Demand fell by 58.4% compared to 2019. But it’s an improvement compared to 2020, when demand was down 65.8% versus 2019.

When broken out by international and domestic stats, international passenger demand in 2021 was 75.5% below 2019 levels. Capacity was down 65.3% and load factor fell 24 percentage points to 58.0%.
Meanwhile domestic demand in 2021 was down 28.2% compared to 2019. Capacity declined 19.2% and load factor dropped 9.3 percentage points to 74.3%.
Total traffic for the month of December 2021 was 45.1% below the same month in 2019. That was up from the 47% contraction in November, as monthly demand continued to recover despite concerns over omicron. Capacity was down 37.6% and load factor fell 9.8 percentage points to 72.3%.

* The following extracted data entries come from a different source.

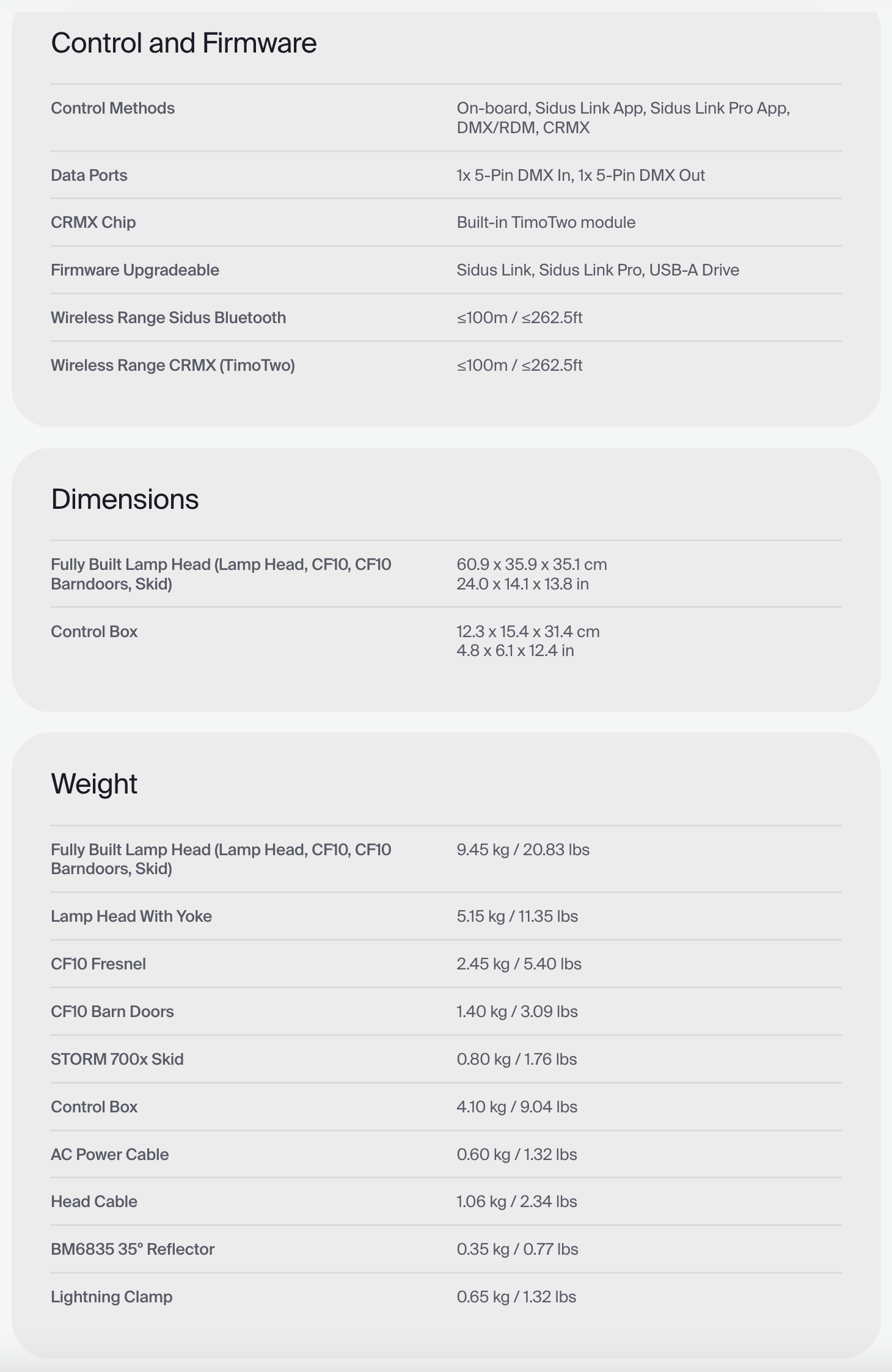 The STORM 700x features wireless control with Sidus Bluetooth Mesh, CRMX, and 5-Pin DMX for use with professional lighting control software.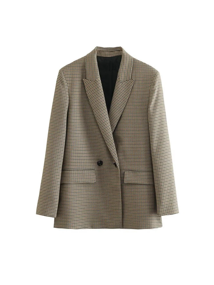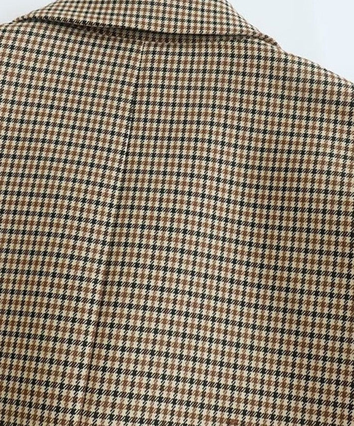 Blazer xadrez oversized com manga longa – feminino.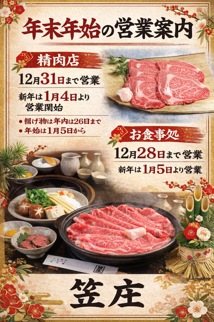 1階・精肉店 年内12月31日まで営業となり、年始は1月4日からの営業です。

Walsh says omicron travel restrictions slowed the recovery in international demand by about two weeks in December.

International demand has been recovering at a pace of about four percentage points/month compared to 2019. Without omicron, IATA’s projections put international demand for the month of December to improve to around 56.5% below 2019 levels. Instead, volumes rose marginally to 58.4% below 2019 from -60.5% in November.

“Overall travel demand strengthened in 2021. That trend continued into December despite travel restrictions in the face of Omicron. That says a lot about the strength of passenger confidence and the desire to travel,” said Walsh.

“The challenge for 2022 is to reinforce that confidence by normalizing travel. While international travel remains far from normal in many parts of the world, there is momentum in the right direction. Last week, France and Switzerland announced significant easing of measures. And yesterday the UK removed all testing requirements for vaccinated travellers. We hope others will follow their important lead, particularly in Asia where several key markets remain in virtual isolation,” he added.

By region, North American airlines’ full year traffic fell 65.6% compared to 2019. Capacity dropped 52%, and load factor was down 23.8 percentage points to 60.2%. December demand was down 41.7% compared to the same month a year ago, up from a 44.6% drop in November.

“As COVID-19 continues to evolve from the pandemic to endemic stage, it is past time for governments to evolve their responses away from travel restrictions that repeatedly have been shown to be ineffective in preventing the spread of the disease, but which inflict enormous harm on lives and economies,” says Walsh.

“A New Year’s resolution for governments should be to focus on building population immunity and stop placing travel barriers in the way of a return to normality.”